(Requirement) Your output should be the lines below from the one holding "图13中可见,对于线径截面积" through the one holding "konstrukce jsou šroubovány.", transcribed exactly, with no pictures.

(Records)
*****

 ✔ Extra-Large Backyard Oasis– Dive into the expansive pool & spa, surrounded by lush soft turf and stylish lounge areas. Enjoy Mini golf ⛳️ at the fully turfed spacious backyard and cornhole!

*****

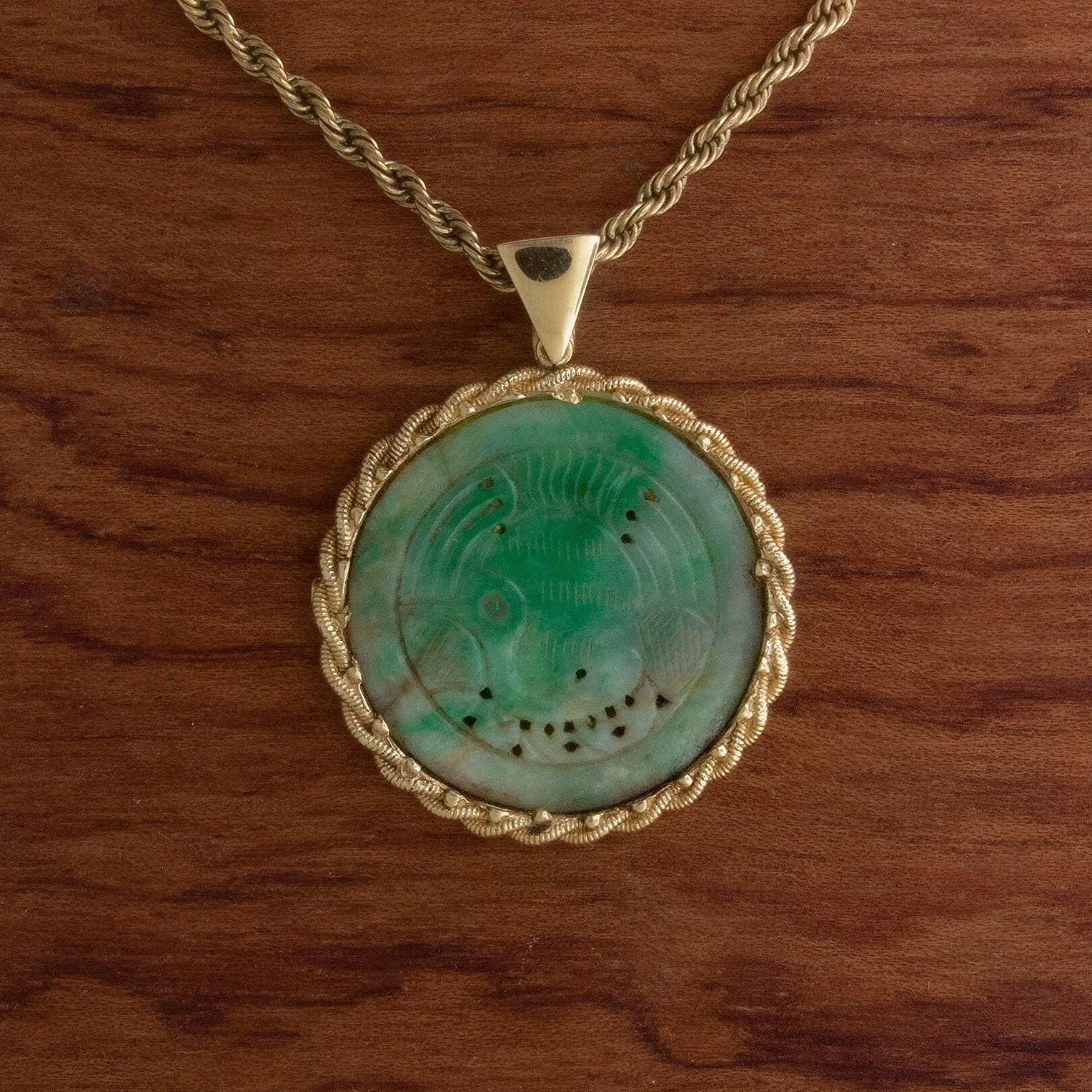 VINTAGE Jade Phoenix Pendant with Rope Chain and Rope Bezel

*****

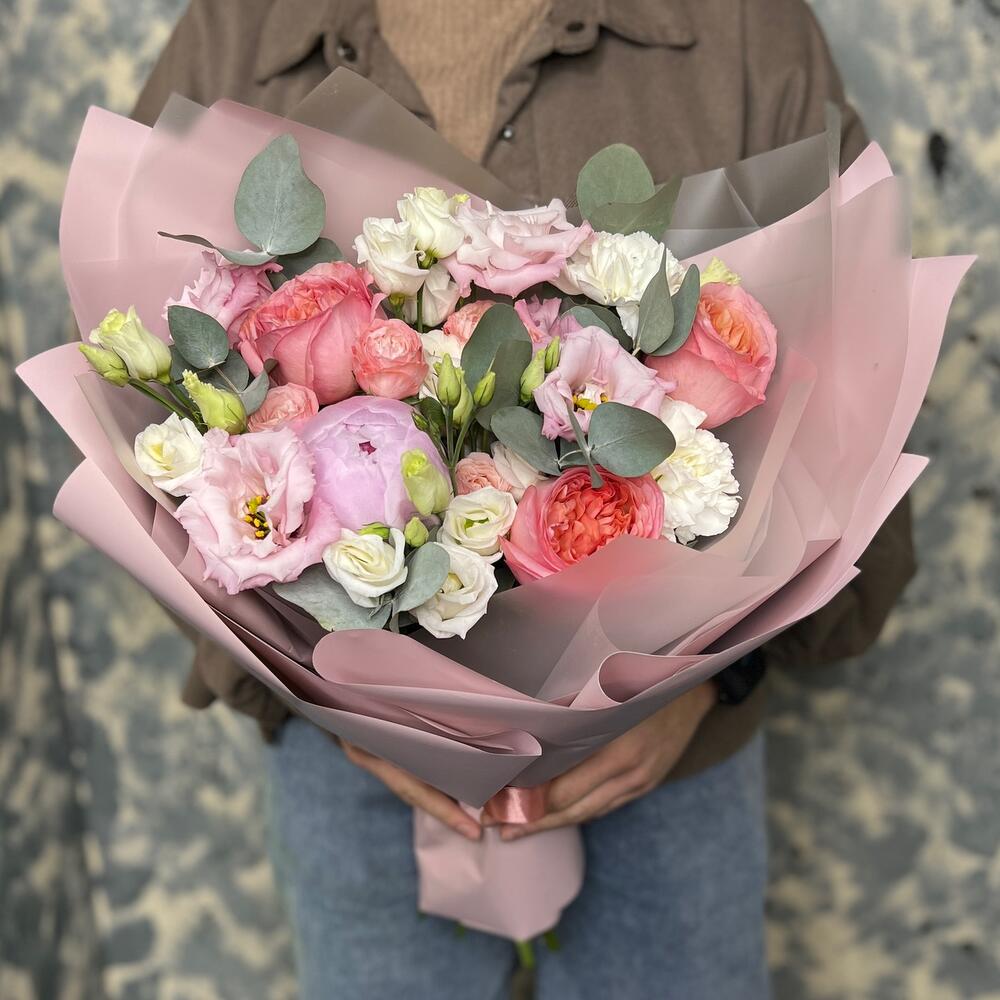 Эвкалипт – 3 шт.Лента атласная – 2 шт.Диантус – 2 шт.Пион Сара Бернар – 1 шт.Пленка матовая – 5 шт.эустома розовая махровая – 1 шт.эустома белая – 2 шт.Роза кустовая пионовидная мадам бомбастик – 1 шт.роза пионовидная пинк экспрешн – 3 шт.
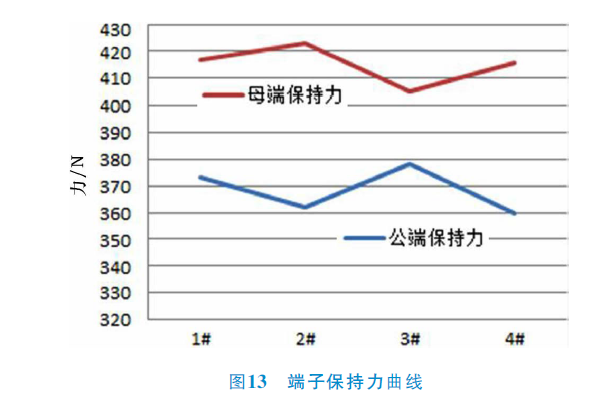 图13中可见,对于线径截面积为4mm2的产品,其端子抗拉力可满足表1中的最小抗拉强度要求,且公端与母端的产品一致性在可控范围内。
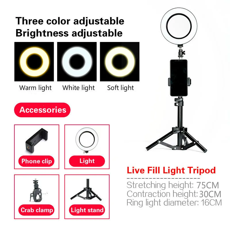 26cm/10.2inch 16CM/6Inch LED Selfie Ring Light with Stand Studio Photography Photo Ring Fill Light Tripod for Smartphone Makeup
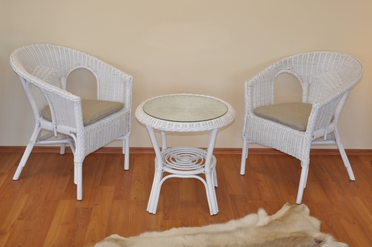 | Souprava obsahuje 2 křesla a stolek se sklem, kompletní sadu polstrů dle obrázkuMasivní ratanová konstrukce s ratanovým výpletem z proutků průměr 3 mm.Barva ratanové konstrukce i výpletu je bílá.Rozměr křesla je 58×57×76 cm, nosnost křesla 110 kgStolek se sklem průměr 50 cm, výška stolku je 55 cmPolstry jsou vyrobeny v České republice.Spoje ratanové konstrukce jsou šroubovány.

*****

(Result of this exercise)
 图13中可见,对于线径截面积为4mm2的产品,其端子抗拉力可满足表1中的最小抗拉强度要求,且公端与母端的产品一致性在可控范围内。
 26cm/10.2inch 16CM/6Inch LED Selfie Ring Light with Stand Studio Photography Photo Ring Fill Light Tripod for Smartphone Makeup
 | Souprava obsahuje 2 křesla a stolek se sklem, kompletní sadu polstrů dle obrázkuMasivní ratanová konstrukce s ratanovým výpletem z proutků průměr 3 mm.Barva ratanové konstrukce i výpletu je bílá.Rozměr křesla je 58×57×76 cm, nosnost křesla 110 kgStolek se sklem průměr 50 cm, výška stolku je 55 cmPolstry jsou vyrobeny v České republice.Spoje ratanové konstrukce jsou šroubovány.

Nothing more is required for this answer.